Data provided:
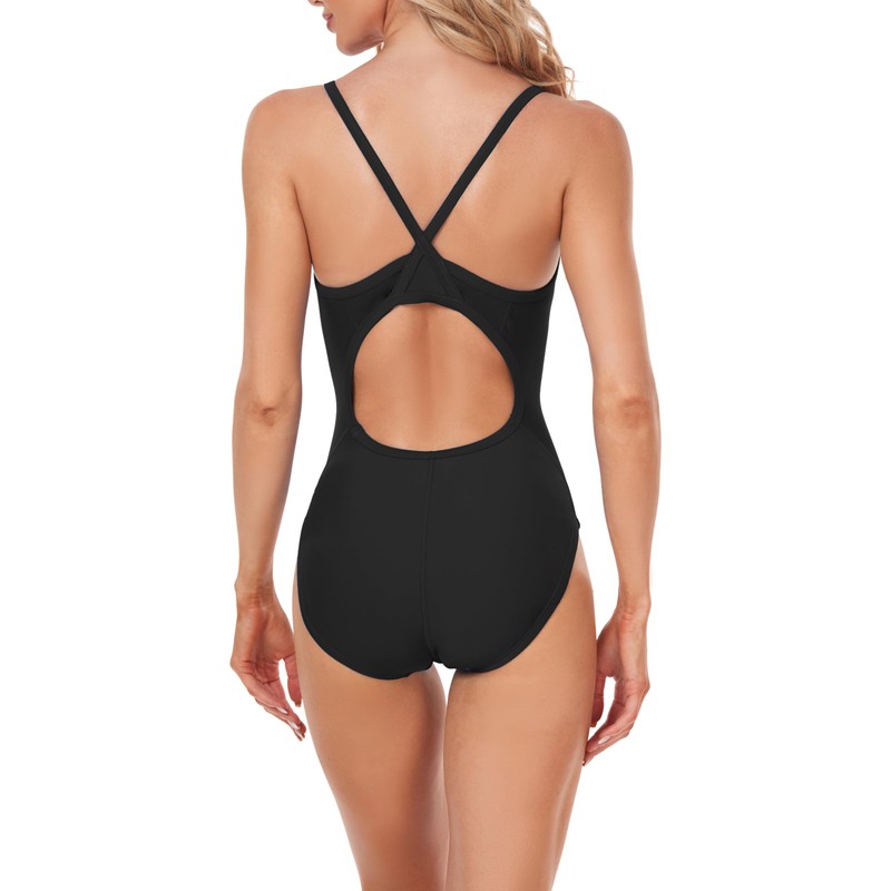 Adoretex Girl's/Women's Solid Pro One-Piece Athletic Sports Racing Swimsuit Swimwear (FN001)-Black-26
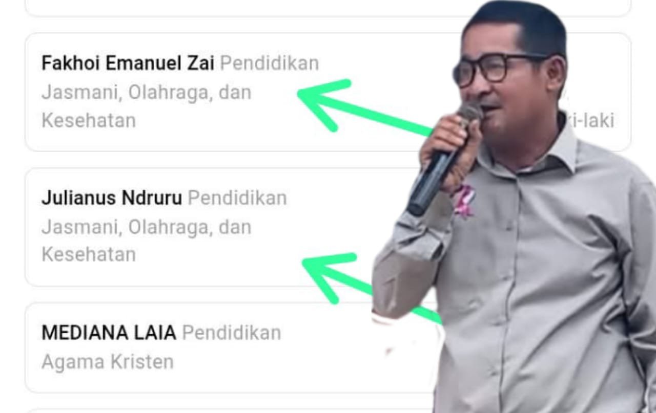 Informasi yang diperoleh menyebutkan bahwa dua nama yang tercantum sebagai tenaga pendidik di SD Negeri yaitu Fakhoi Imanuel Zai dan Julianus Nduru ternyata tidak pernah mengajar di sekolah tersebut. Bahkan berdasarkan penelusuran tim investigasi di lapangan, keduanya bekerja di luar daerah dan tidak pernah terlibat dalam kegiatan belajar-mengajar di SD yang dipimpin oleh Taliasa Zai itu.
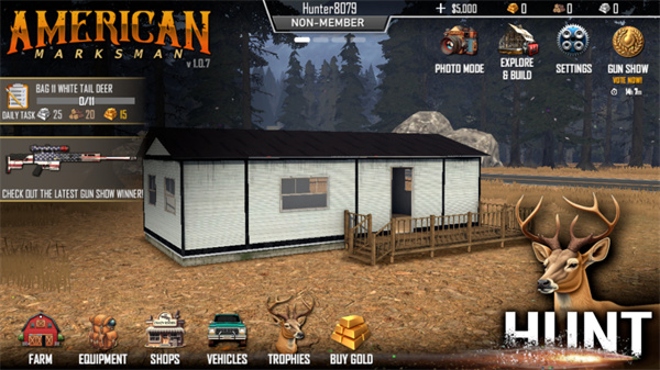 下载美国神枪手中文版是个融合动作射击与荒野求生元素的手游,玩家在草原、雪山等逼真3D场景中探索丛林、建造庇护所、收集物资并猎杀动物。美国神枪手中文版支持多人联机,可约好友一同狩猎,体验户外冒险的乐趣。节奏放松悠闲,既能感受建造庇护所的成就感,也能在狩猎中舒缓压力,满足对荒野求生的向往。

What the task requires:
From the line that holds "Informasi yang diperoleh" down to the last line of the material above, every line is to be copied exactly, both ends included; pictures are to be omitted.

Exercise result:
 Informasi yang diperoleh menyebutkan bahwa dua nama yang tercantum sebagai tenaga pendidik di SD Negeri yaitu Fakhoi Imanuel Zai dan Julianus Nduru ternyata tidak pernah mengajar di sekolah tersebut. Bahkan berdasarkan penelusuran tim investigasi di lapangan, keduanya bekerja di luar daerah dan tidak pernah terlibat dalam kegiatan belajar-mengajar di SD yang dipimpin oleh Taliasa Zai itu.
 下载美国神枪手中文版是个融合动作射击与荒野求生元素的手游,玩家在草原、雪山等逼真3D场景中探索丛林、建造庇护所、收集物资并猎杀动物。美国神枪手中文版支持多人联机,可约好友一同狩猎,体验户外冒险的乐趣。节奏放松悠闲,既能感受建造庇护所的成就感,也能在狩猎中舒缓压力,满足对荒野求生的向往。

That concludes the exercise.